Mechanics, Materials Science & Engineering, April 2017 – ISSN 2412-5954
Effect OF Ni Concentration on Structural and Optical Properties of ZnS Nanoparticles9 B. Sreenivasulu1, S. Venkatramana Reddy1,a, P. Venkateswara Reddy1 1 – Department of Physics, Sri Venkateswara University, Tirupati-517502, A.P. India a – drsvreddy123@gmail.com DOI 10.2412/mmse.0.1.664 provided by Seo4U.link
Keywords. SEM, morphology, Raman studies, PL, DRS, absorption.

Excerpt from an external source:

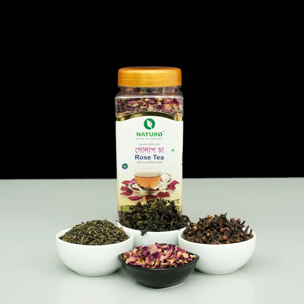 গোলাপ চা হল একটি প্রাকৃতিক এবং সুস্বাদু পানীয়, যা গোলাপের পাঁপড়ি থেকে তৈরি। এটি প্রাকৃতিকভাবে অ্যান্টিঅক্সিডেন্ট সমৃদ্ধ এবং বিভিন্ন স্বাস্থ্য উপকারিতা প্রদান করে।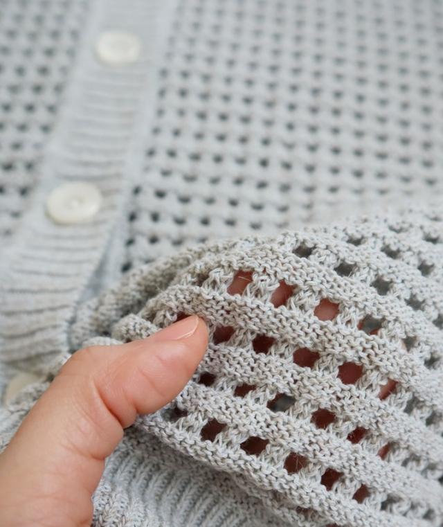 編地は7ゲージのメッシュ編み。肌との接地面が少なく、通気性がよいため涼しく着られます。

ABSTRACT. Ni (1, 5 mol %) doped ZnS nano particles are synthesized by chemical Co-Precipitation method. The prepared samples are characterized byXRD, Raman Spectroscopy, Photo luminescence (PL), Optical absorption, Diffused reflectance (DRS) and Scanning electron microscope (SEM). XRD Analysis confirms the Cubic blended Structure for Ni doped ZnS and no impurity peaks are presented in XRD pattern. The average particle sizes of Ni doped nanoparticles are in the range of 2-3 nm. Raman spectra show the Vibrational modes that represent the structure of ZnS. The PL spectra exhibit emission peaks in both UV and visible regions and these results are good agreement with the absorption spectra and DRS. The optical band gap of ZnS decrease with increase of Ni concentration. SEM micro graphs reveal that the surface morphology of Ni doped ZnS nanoparticles are spherical in shape.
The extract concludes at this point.